The court also held that if a plaintiff in a PAGA action is bound to arbitration, they automatically lose standing to prosecute claims on behalf of other “aggrieved” employees and remaining PAGA claims must be dismissed.
However, the court left one important question open: whether an employee compelled to arbitrate their individual PAGA claims loses standing under California law to pursue representative claims on behalf of other employees.
The California State Supreme Court is scheduled to hear a case to clear up this matter. If the judges rule that the case of an employee bound to arbitration can still proceed in court for the other employees they represent, it may render the U.S. Supreme Court ruling meaningless.
The insurance conundrum
That leaves employers in a difficult position in terms of their insurance coverage.
The first policy an employer would naturally turn to is their employment practices liability insurance (EPLI) since it is specifically designed to cover workplace actions by employees. The other policy they may consider tapping is their directors and officers (D&O) insurance.

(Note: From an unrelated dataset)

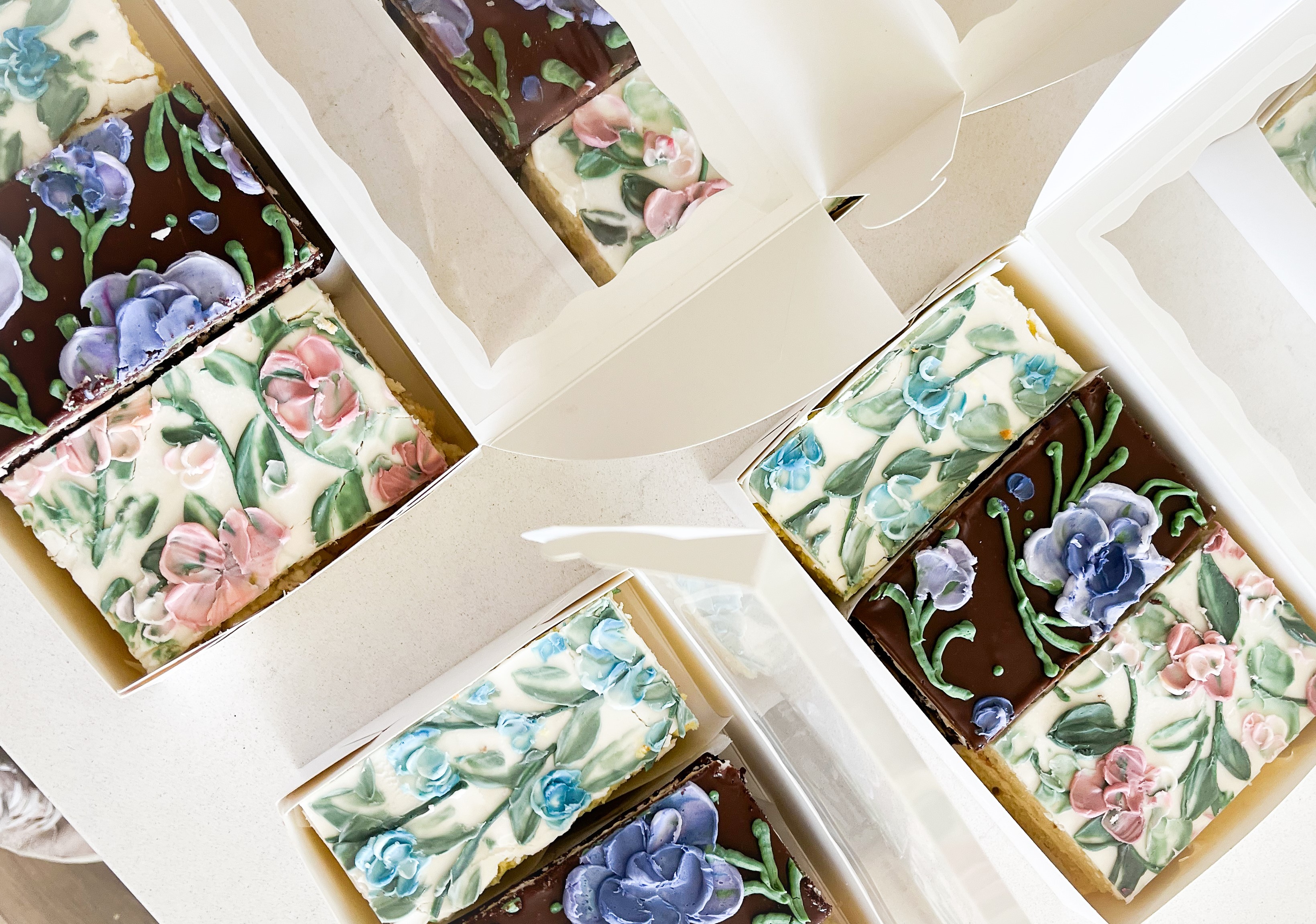 I created cake sampler boxes with three different flavors, each slice decorated with a different buttercream flower design.

However, EPLI policies typically exclude wage and hour claims (the most common PAGA claims), or they will impose significant limits on what they will pay out for such claims. Similarly, D&O policies for private companies also exclude wage and hour claims, and policies for publicly traded companies.
Additionally, most D&O and EPLI policies will not cover penalties, which is typically the way that PAGA awards are assessed. When employees sue under PAGA, they cannot seek lost wages or damages, rather they can only seek penalties.
One option is wage and hour insurance, which most likely would provide defense and indemnity coverage for PAGA claims that allege violations of wage and hour laws and regulations.
However, these policies are expensive and usually have quite high retentions, which could price out most smaller employers.